So my home congregation hosted our annual vacation bible school this week, and I taught the 2-4 year old class. My helpers and I had 7-8 preschoolers on each of the four nights, and it certainly made for some interesting post-class conversations.
The lessons themselves went pretty well, and I hope we were able to plug something into their heads that they might remember next week. But what will really stick with me are the shaking-my-head moments where I just had to think, “Out of the mouths of babes.”
Sunday night, we talked about how God created the world for mankind to live in. We read the creation account and matched up magnetic pieces of what was created with the day on which it was created.
No matter how many times I review this chart with them, the answer to “What did God make on the ## day?” was always “THE SUN!!” shouted by eight little voices. Even when it wasn’t the sun, it was always the sun. Except when it was fish. That we seemed to remember, too.
(bangs head against the wall)
Tuesday night, one little girl lifted the edge of my skirt and asked me why I wasn’t wearing shorts under my dress. She then had to prop her legs up on the table to show me that she was, in fact, wearing shorts under her dress because her mommy makes her. (Mental note on the importance of play shorts.) She then had to ask me if I was wearing panties and announce to the whole class that I didn’t wear my shorts but it was okay because I was wearing panties. Thank you, little girl. I was afraid no one would ask me about my underwear.
Tuesday is also the night we started “shaking out the wiggles” every 10-15 minutes just to keep our sanity. I’d have the whole group stand up and shake out their arms, legs and bodies until “all the wiggles were gone” and they could sit back down. On one such occasion, one little girl didn’t sit down with the others and instead looked like she was going to burst into tears.
“What’s wrong, honey?” I asked.
“I didn’t get to shake all my wiggles out!!!!” she cried.
“Well ok then, shake them out!”
*proceeds to flail about as if having a seizure*
“Ok. I’m done now.” *bounces happily back to her seat*
(shaking my head)
Wednesday night we talked about the church as the body of Christ and introduced Mr. Potato Head as a visual example. I passed out the various body parts and we talked about what they do. (“Does a nose taste things? No. A nose smells things. What tastes things? etc etc…)
We then assembled Mr. Potato Head to show that all the body parts (i.e. Christians) must work together to form one whole body, with Christ as the head.
One little girl clapped her hands over her mouth.
“Mr. Potato Head doesn’t have any hair!” she exclaimed frantically.
“MR. POTATO HEAD DOESN’T HAVE ANY HAIR!!” she said again, on the verge of a meltdown because of this unfortunate situation.

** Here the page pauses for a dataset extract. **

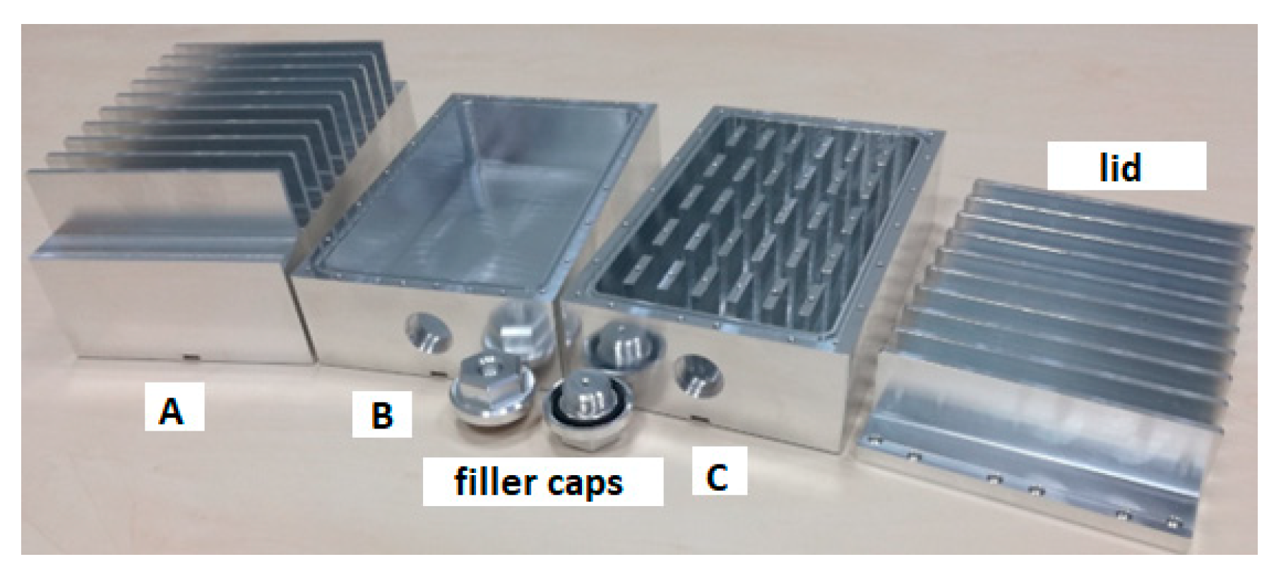 - Heat sink with PCM chamber without intra-chamber fins—configuration B;

“Ok, ok, let’s see what we have. … We don’t have any hair, but we do have a hat. Is that ok?” *puts hat on Mr. Potato Head*
*little girl tilts head right and left, considering*
“Okay. That’s good now.”
Did you notice I skipped Monday night?
That’s because Monday night was the best.
In the midst of discussing the Bible as God’s book of instructions, one little girl suddenly looks at me and stands up in her chair.
Pointing, she shouts, “YOU’VE GOT A BABY IN YOUR BELLY!!!”
*crickets chirp for a split second before eight voices all burst into a hundred simultaneous questions/observations*
“Why do you have a baby in your belly?” “How did the baby get there?” “Did you want to have a baby?” “Is it a boy baby or a girl baby?””My mommy had a baby in her belly.” “What is the baby’s name?” “Can I see the baby?” “Can I touch the baby?”
I stood like a deer in the headlights for a few moments and then desperately tried to turn any remaining attention span back to the topic at hand.
“Yes, I have a baby in my belly. But that’s not what we’re talking about right now. Right now, we’re talking about the Bible.”
After a few long minutes, the teacher for the evening and myself finally got them all back in their chairs and quieted down somewhat and returned to the lesson. That lasted about five minutes until the girl closest to me reached over and patted my stomach.
“There’s a baby in your belly, isn’t there?”
“Yes honey, but let’s listen to Miss Alli talk about the Bible right now.”
A few more minutes of attention. Then…
“So, did you eat the baby?”
That really did it.
It took every ounce of self-control I had not to burst out laughing. But even if I had, I don’t think anyone would have heard me because the kids all launched back into the questions that had obviously been circling their brains since the first outburst.
“Are you sure there’s a baby in there?” “How did it get there?” “Will it come out?”
And the ones who know me personally trying to explain the situation to the visitors:
“Mommy says Mrs. Erin has a baby in her belly. It will come out soon. I don’t know how it got there though.”
It was a long night.
Apparently the topic never quite faded away either, because at the end of the last night another little girl approached one of my class helpers (several years younger than me) and asked if she has a baby in her belly too.
I’m sure there are parents out there somewhere thanking me for the practical life lesson I unintentionally gave their four year old.